Dr. Ladha and Dr. Shefner said there are a few different motivators for ALS patients to enroll in clinical trials. One reason is the possibility that the drug might actually work for the participants, and another is that it might help future ALS patients.
I’m pretty optimistic that we’re going to find something that will help with this disease in the next several years.
-Dr. Shafeeq Ladha, Barrow Neurologist
“It’s the only way we’re going to treat people long term,” Dr. Shefner said. “When properly explained and made clear to people that they are being a meaningful participant, it can be an invigorating experience.”
Dr. Ladha said participating in a clinical trial also has psychological benefits because participants are able to regain a sense of control.
“You have this disease that takes all of the control out of your life, which is a really frustrating thing for these patients,” he said. “When they are part of a trial, they can say, ‘I’m actively doing something against this disease instead of just sitting here and letting it take me.’ ”
Promise for the Future
Dr. Ladha and Dr. Shefner said there are a few ongoing trials that appear to be promising.
Dr. Shefner is the global principal investigator for the only current phase-three ALS study worldwide. In a phase-three study, the U.S. Food and Drug Administration determines whether or not to approve the drug. This particular drug targets muscle rather than nerves, increasing the efficiency of muscle contractions to counteract weakness. ALS patients’ muscles gradually waste away because the disease causes motor neurons, the nerve cells that control muscle movements, to deteriorate and die.
“This drug takes the damaged motor system and allows it to function better,” Dr. Shefner explained. “It won’t cure the disease, but it could help people function for a longer period of time and maybe affect survival.”
Dr. Ladha said the drug, which is being administered at 80 sites including Barrow, appears to work well for the breathing muscles. Most ALS patients die of respiratory failure.
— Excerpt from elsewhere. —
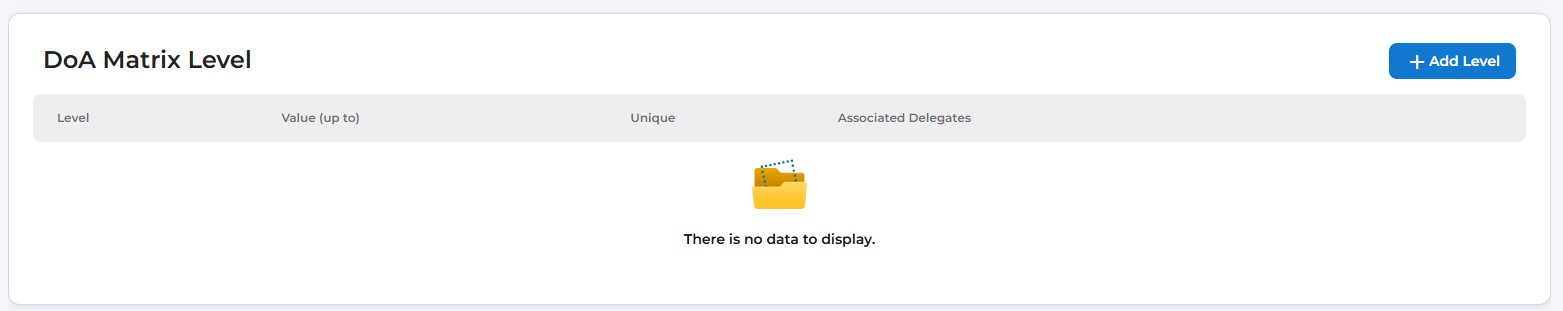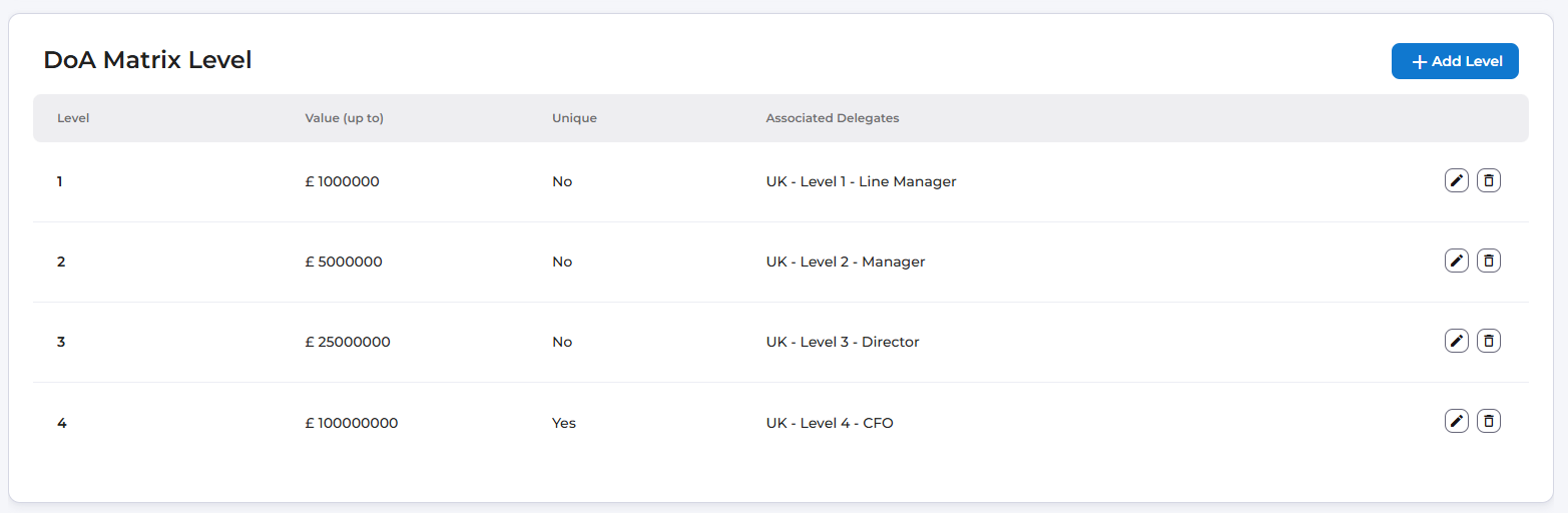 Select the Matrix you have created and scroll to the DoA Matrix Level section. This is where you will define the financial range that requires an action and the role from which that action can be assigned.
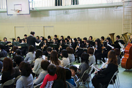 ![]() ブラスバンド部が演奏する中、 |

“I’m optimistic about the fact that we have more drugs in the pipeline,” Dr. Ladha said. “We know more about the disease than we ever have before, we’re learning about the disease faster than we ever have before, and – thanks to the Ice Bucket Challenge – there is more money for research than there has ever been before. When you put all of those things together, I’m pretty optimistic that we’re going to find something that will help with this disease in the next several years.”